Final answer:
To solve the initial value problem y"-8y'+16y=0, y(0)=4, y'(0)=82/5, we use the method of solving a homogeneous second order linear differential equation. By substituting the given initial values, we find the values of a, b, c, and d.
Step-by-step explanation:
To solve the initial value problem y"-8y'+16y=0, y(0)=4, y'(0)=82/5, we can use the method of solving a homogeneous second order linear differential equation. This type of equation has the general solution y = aebt + cedt. By substituting the given initial values, we can find the values of a, b, c, and d.
Given y(0) = 4, we have 4 = aeb*0 + ced*0 = a + c. (1)
Given y'(0) = 82/5, we have (82/5) = abeb*0 + cded*0 = ab + cd. (2)
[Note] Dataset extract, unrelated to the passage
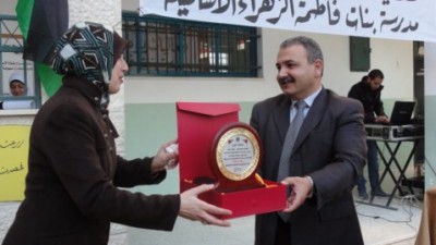 كلمة مديرة المدرسة المستضيفة سمر عبد القادر بدأت بالإشارة أن هذا الإحتفال جاء مواكبا ً لمناسبتين مميزتين أولاهما إحتفال شعبنا الفلسطيني بتحقيق إنجازه التاريخي وتتويجه لنضالات هذا الشعب وتضحياته وخط حروفها الرئيس الراحل الشهيد ياسر عرفات فكانت الدولة الفلسطينية والثانية في يوم المعلم الفلسطيني شاكرة تلك الأيادي التي ساهمت في إنجاح هذا الإحتفال وخاصة المرحومة المربية التي غادرتنا رحمها الله إبتسام ذياب ,

To solve the system of equations (1) and (2), we can substitute a = 4 - c from equation (1) into equation (2) to get (82/5) = (4 - c)b + cd. Rearranging this equation gives us:
0 = cb - cd - (82/5 - 4)b
0 = cb - cd - (82b - 20b)/5
0 = cb - cd - (62b)/5
Adding cb to both sides:
cb = cd - (62b)/5
Dividing every term by b:
c = d - 62/5
Now, we can substitute the value of c in terms of d into equation (1) to solve for a:
4 = a + (d - 62/5)
4 = a + d - 62/5
20/5 + 62/5 = a + d
82/5 = a + d
Therefore, the solution to the initial value problem is y = aebt + cedt, where a = 82/5 - d, b = 0, c = 4 - (82/5 - d), and d can take any real value.